• DATA PROVIDED
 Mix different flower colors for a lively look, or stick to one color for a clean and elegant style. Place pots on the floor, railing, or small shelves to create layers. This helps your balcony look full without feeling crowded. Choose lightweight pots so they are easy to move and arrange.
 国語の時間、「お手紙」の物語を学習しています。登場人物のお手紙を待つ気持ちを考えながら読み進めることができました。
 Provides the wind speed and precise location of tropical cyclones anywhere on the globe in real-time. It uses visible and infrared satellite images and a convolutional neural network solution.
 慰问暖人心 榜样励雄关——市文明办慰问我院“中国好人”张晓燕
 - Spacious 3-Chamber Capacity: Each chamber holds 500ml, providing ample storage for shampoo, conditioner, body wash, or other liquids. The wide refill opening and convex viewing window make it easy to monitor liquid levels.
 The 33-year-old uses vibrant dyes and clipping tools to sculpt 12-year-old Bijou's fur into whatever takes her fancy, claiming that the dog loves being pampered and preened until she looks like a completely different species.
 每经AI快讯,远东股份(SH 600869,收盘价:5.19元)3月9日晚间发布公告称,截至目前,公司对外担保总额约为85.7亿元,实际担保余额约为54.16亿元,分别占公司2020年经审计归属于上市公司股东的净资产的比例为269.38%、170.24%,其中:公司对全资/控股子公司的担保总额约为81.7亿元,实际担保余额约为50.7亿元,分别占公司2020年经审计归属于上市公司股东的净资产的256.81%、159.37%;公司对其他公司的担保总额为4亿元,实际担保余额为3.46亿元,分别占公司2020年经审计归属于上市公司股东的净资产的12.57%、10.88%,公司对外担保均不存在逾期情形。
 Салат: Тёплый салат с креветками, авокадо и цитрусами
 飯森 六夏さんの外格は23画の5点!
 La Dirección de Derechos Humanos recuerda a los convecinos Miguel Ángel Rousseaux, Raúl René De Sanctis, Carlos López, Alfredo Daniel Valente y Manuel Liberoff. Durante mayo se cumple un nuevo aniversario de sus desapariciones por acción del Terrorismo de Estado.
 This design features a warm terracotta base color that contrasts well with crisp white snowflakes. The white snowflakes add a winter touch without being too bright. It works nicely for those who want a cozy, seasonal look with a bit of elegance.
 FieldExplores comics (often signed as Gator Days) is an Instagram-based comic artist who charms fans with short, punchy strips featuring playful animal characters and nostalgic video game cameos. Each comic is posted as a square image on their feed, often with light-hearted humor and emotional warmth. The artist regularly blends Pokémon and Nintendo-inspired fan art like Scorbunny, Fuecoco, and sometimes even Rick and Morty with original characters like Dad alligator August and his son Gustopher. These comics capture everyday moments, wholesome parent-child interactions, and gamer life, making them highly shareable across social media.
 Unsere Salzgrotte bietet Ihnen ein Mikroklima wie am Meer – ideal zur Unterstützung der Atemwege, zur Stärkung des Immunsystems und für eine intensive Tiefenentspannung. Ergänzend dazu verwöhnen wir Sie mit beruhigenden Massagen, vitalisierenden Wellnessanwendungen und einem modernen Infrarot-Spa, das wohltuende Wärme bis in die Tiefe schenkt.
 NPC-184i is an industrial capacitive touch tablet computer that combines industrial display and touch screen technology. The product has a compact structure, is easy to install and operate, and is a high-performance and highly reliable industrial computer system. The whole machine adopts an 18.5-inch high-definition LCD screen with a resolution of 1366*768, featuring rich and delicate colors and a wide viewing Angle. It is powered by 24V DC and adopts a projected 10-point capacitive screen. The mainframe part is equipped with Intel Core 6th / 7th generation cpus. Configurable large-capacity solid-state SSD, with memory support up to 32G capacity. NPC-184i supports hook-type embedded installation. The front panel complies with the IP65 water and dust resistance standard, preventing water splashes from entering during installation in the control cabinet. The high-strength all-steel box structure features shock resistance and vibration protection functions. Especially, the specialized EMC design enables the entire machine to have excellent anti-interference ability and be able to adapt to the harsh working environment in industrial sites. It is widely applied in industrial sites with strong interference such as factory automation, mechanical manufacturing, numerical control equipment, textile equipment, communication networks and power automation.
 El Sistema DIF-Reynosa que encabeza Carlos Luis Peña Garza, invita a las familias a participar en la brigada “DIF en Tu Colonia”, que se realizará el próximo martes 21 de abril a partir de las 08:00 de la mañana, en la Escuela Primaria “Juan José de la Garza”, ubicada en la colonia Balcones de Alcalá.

• TASK PROMPT
Scan the records for the word "This", and copy each line where it is found.

• EXERCISE RESULT
 Mix different flower colors for a lively look, or stick to one color for a clean and elegant style. Place pots on the floor, railing, or small shelves to create layers. This helps your balcony look full without feeling crowded. Choose lightweight pots so they are easy to move and arrange.
 This design features a warm terracotta base color that contrasts well with crisp white snowflakes. The white snowflakes add a winter touch without being too bright. It works nicely for those who want a cozy, seasonal look with a bit of elegance.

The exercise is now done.